Bobby Woods received a stay of execution today from the Texas Court of Criminal Appeals. The reason for the stay was not given, but the Austin American-Statesman reported that it likely had to do with Woods’ previous lawyer not adequately representing him by failing to fully present the case of Woods’ mental retardation.
Woods’ previous lawyer was Fort Worth attorney Richard Alley.
Alley, Woods alleged, failed to challenge the prosecutors’ IQ tests as antiquated, did not unearth an easy-to-find test showing Woods’ IQ was 60 and did not collect crucial affidavits from friends and family about Wood’s inability to fully communicate or take care of himself. The new filing has 10 such affidavits.
“Mr. Alley failed in all aspects to adequately represent Mr. Woods,” the petition says.
Alley was featured in a 2006 American-Statesman analysis of court-appointed lawyers for writs of habeas corpus, one of two appeals granted to death row inmates. The analysis found Alley copied large parts of his petitions from previous filings and from other appeals that cannot be considered in a habeas review. A federal court also reprimanded Alley for repeated unethical behavior and poor work on a death penalty appeal in 2002.
Shortly after the newspaper report, the Court of Criminal Appeals removed Alley from its list of lawyers eligible to handle habeas petitions.

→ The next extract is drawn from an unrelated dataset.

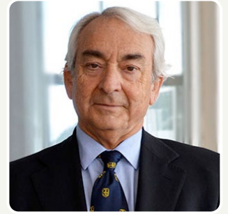
Dr. Antonio Coca

Editor y coeditor de 58 libros y monografías sobre hipertensión arterial, ha publicado más de 600 artículos en revistas con peer review y ha impartido más de 500 conferencias y ponencias invitadas en reuniones nacionales e internacionales.

Next session, the Texas Legislature should pass a bill to create a statewide office of public defenders to handle death penalty appeals, so that people as incompetent as Richard Alley never again represent anyone appealing a death penalty sentence. An example of such an office in another state is California’s Office of the State Public Defender, which “focuses its resources on post-conviction appellate representation in death penalty cases. The agency currently represents more than 130 men and women on death row in California”.
Of course, Texas also needs competent attorneys at the trial level for people accused of capital crimes, but a public defenders office that handles appeals in death penalty cases would be a start towards what we really need – a statewide defender’s office that is responsible for capital cases from start to finish.
Such a “start to finish” office was endorsed by the Austin American-Statesman in an editorial in 2006 just before the last session of the Texas Legislature:
that office could be financed by a combination of state money now going to court-appointed lawyers handling death row habeas appeals and county dollars that fund lawyers for indigent capital murder defendants for their initial trials. Such an agency could hire lawyers who are experienced and competent in handling death row cases. It isn’t a perfect solution, but far better than what is in place now.
The public and state leaders should be concerned about whether convicted capital murderers are being executed for the right reason — because they are guilty — and not because their lawyers bungled the job.